Things I have tried:
- change the nginx version for the FE
- tell the nginx-ingress to use HTTP 1
- tell the nginx-ingress to not use GZIP
- used everything from this site tencent high availability in nginx blog post
- turned On and Off proxy buffering, both for the nginx-ingress as a whole, and each individual child-ingress
- set max-temp-file-size to 0 in the nginx-ingress
- set max-temp-file-size to 10M in the nginx-ingress
- removed Accept Encoding, Content-Length, and Content-Type from the request to the upstream
- turned on Gzip for the FE container
- set worker processes to auto, set worker processes to 1 in the FE container
- set keepalive-timeout to 65, set it to 15 in the FE container
- updated the lifecyle preStop on the FE deployment
- set terminationGracePeriodSeconds to 60 (then removed it) from the FE deployment
Before anyone asks: all of the configurations done to the nginx-ingress have thus far been attempts to solve the HTTP2 protocol error. Obviously none of these work because if the upstream server is down, this doesn't matter.

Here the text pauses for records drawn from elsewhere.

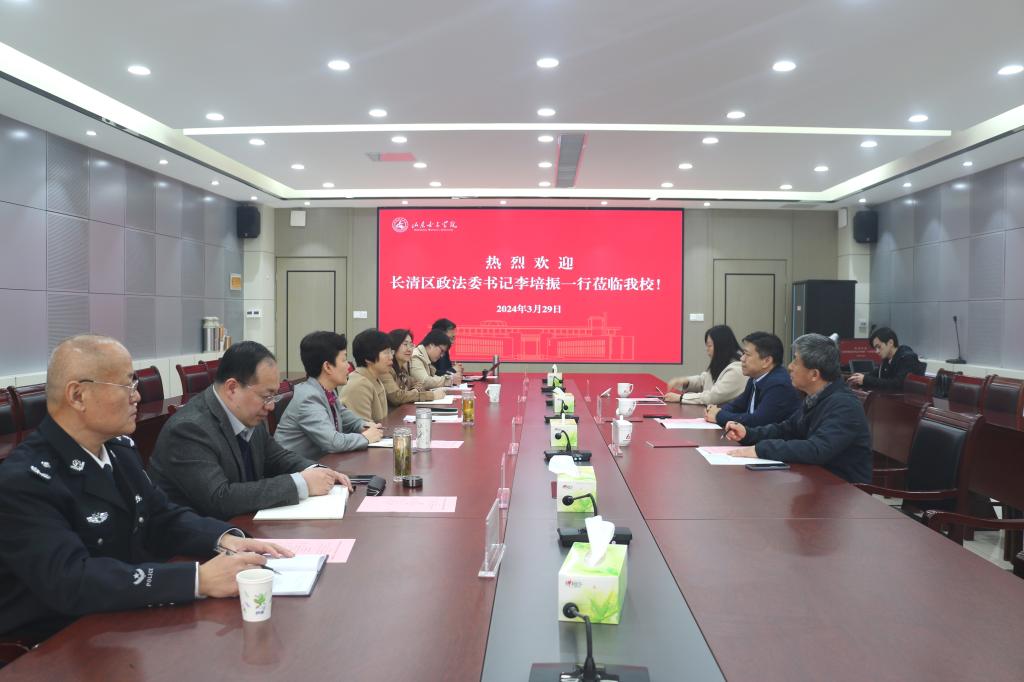 3月29日上午,长清区委常委、政法委书记李培振一行来校调研交流。学校党委书记吕晓黎出席座谈会,党委委员、副校长田立新主持会议。
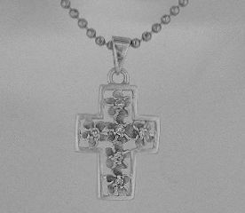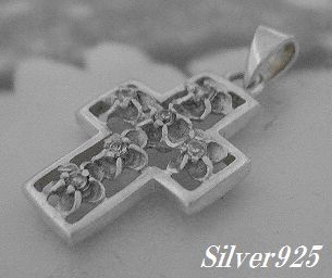 シルバー925銀のハワイアン プルメリア クロス十字架ペンダント[ジルコニア付]シルバーアクセALL50%OFF
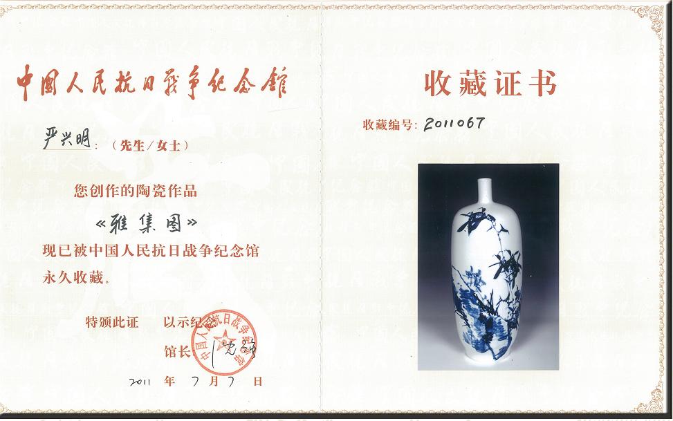 2011年7月7日,青花作品《雅集图》被“中国人民抗日战争纪念馆”收藏。
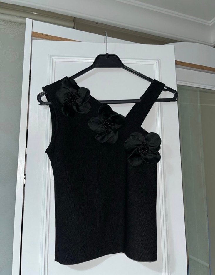 Siyah Çiçek Detaylı Tek Omuzlu Crop Top
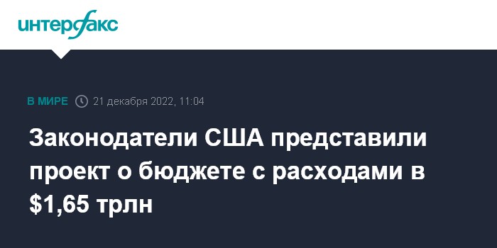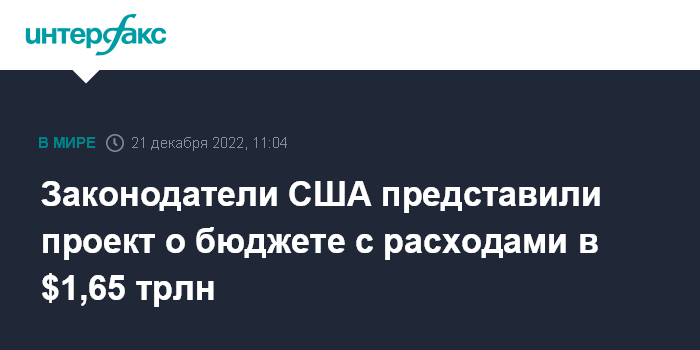 Москва. 21 декабря. INTERFAX.RU - Американские законодатели, участвовавшие в двухпартийных переговорах, представили законопроект о бюджете на следующий год, предусматривающий расходы на общую сумму $1,65 трлн.
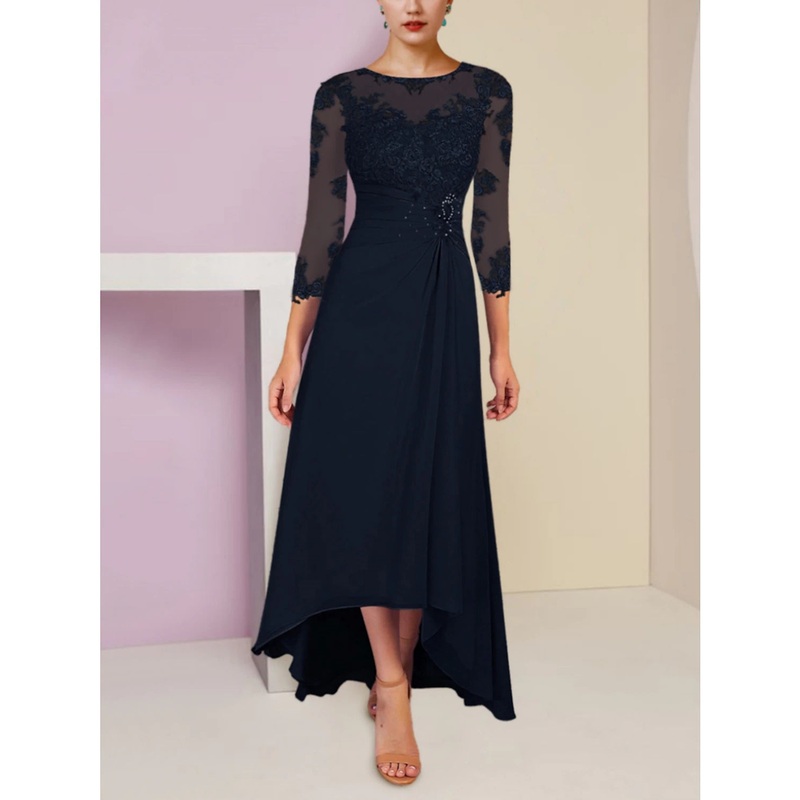 A-Line Mother of the Bride Dress Wedding Guest Elegant Scoop Neck Asymmetrical Ankle Length Chiffon 3/4 Length Sleeve with Lace Sequin Ruching
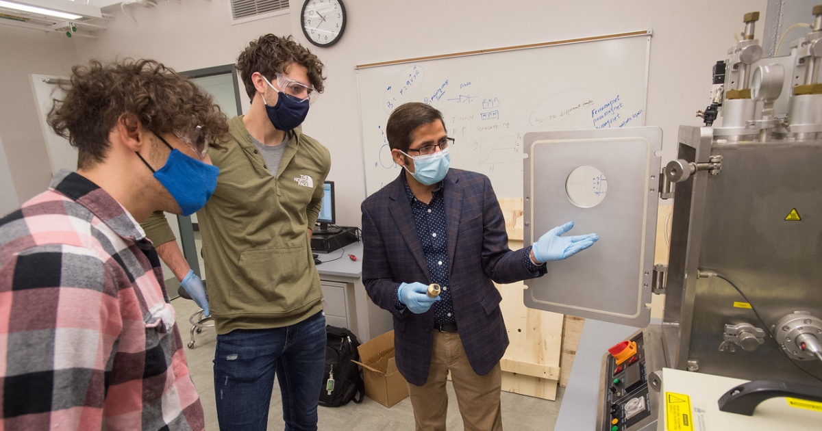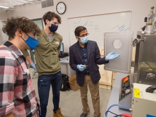 Pictured: Arjun Pathak, Ph.D. (right), assistant professor of physics, works with EURO student researchers Randall Filippone (left) and Liam Hulsebosch in the physics lab at Buffalo State College.
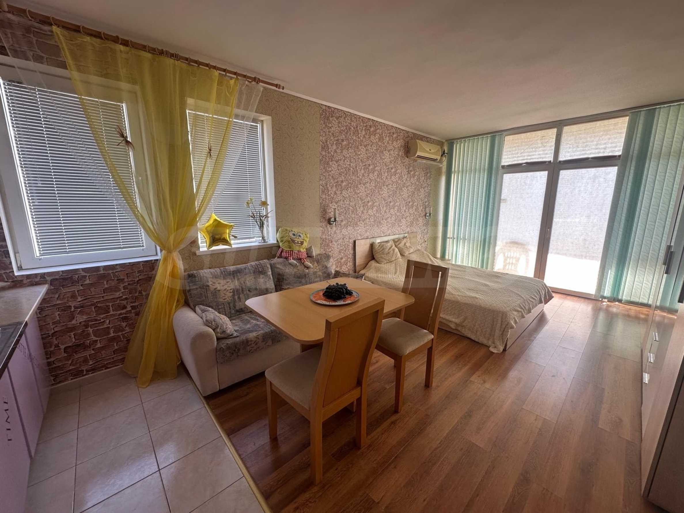 Представляем на продажу уютную студию, расположенную в современном комплексе с круглогодичным обслуживанием, в 500 метрах от моря, в центральной части Солнечного Берега.
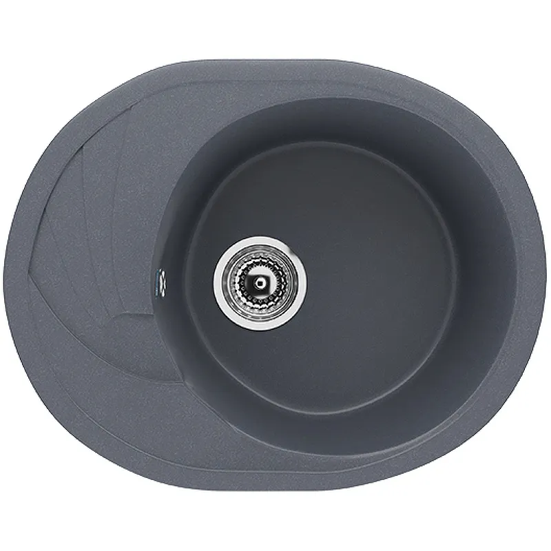 Кухонная мойка Ulgran Classic U-403-343.Характеристики: Цвет: антрацит. Материал: искусственный камень на основе натурального мрамора (80%) и полимерных связующих (20%). Защитное покрытие гелькоут. Поверхность: матовая. Толщина материала: 15 мм. Размер мойки (ШхВхД): 570х180х465 мм. Диаметр чаши: 390 мм. Диаметр слива: 9 см. Форма мойки: овальная. Форма чаши: круглая. С крылом. Расположение крыла: оборачиваемое. Перелив. Расположение переливного отверстия: в чаше мойки. Монтаж: врезной (встраиваемая сверху). В комплекте поставки: Мойка. Сливная арматура, гофро-труба. Корзинчатый вентиль. Сифон.
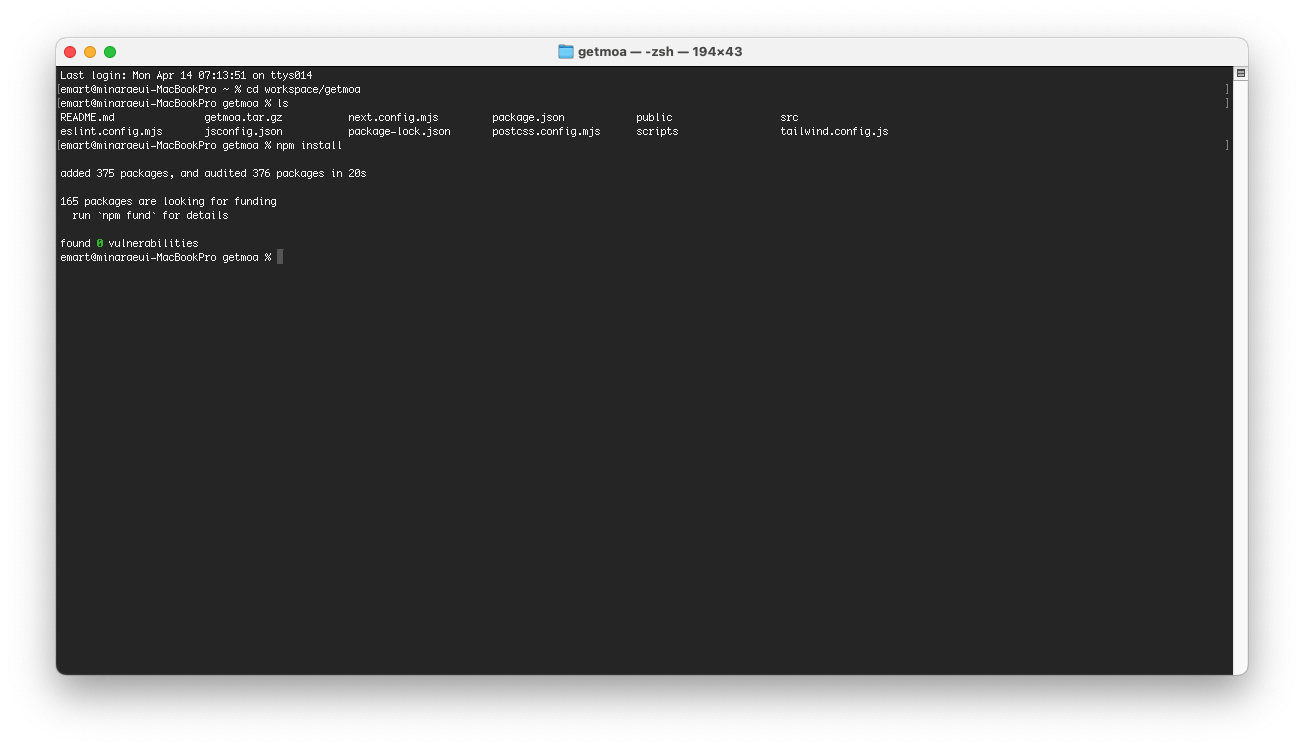 - 터미널에 다음 명령어를 입력하여 현재 사용자 이름을 확인합니다:
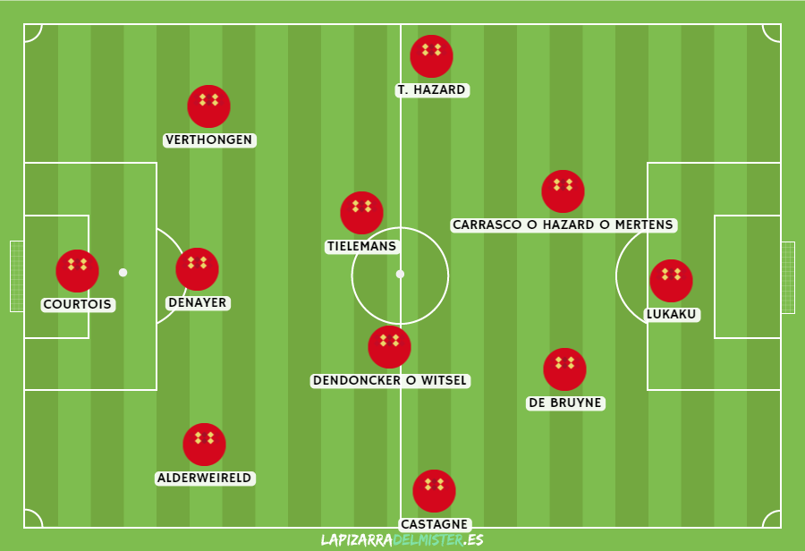 - El 1-3-4-2-1: El sistema que ha utilizado Roberto Martínez para construir un contexto positivo para sus principales piezas. La principal duda del once titular aparece en los carriles, teniendo en cuenta que el entrenador español ha utilizado a Thomas Meunier, Timothy Castagne, Yannick Ferreira Carrasco, Chadli y Thorgan Hazard, por lo que tenemos que esperar a ver quiénes serán las titulares.
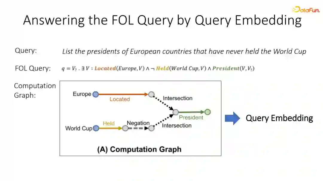 为了解决这些问题,近年来有一系列称为query embedding的工作,他们的基本思想是将一个复杂的FOL query先转化成一个computation graph。

What I can deduce is that while NGINX is shutting down (why, I still don't know), the container itself is not Restarting, and thus that pod is effectively a zombie case. How do I either A. force a restart or B. force the pod to die and respawn?
Of course, if someone has an answer as to why the nginx container is told to shutdown in the first place, that would also be helpful.
Another potentially related issue, is that sometimes the replicas of this deployment do not start, container is ready, but no logs or connections.
Killing the pods manually, seem to fix this issue, but this is not a real solution.
The cluster is running n1-standard-2 nodes, and we've got autoscale enabled, so CPU/Memory/Storage are not (should not be, never say never) an issue.
Thanks in advance! Leave a comment if I can improve this question in anyway.
Edit #1: Included that we are on GKE.
Edit #2: I've added readiness and liveliness probes. I've updated the nginx FE server with a health check route. This seems to be working as a failsafe to ensure that if the internal nginx process stops or doesn't even start, the container will restart. However if anyone has better alternatives or root causes I'd love to know! Perhaps I should set specific cpu and memory requests for each pod?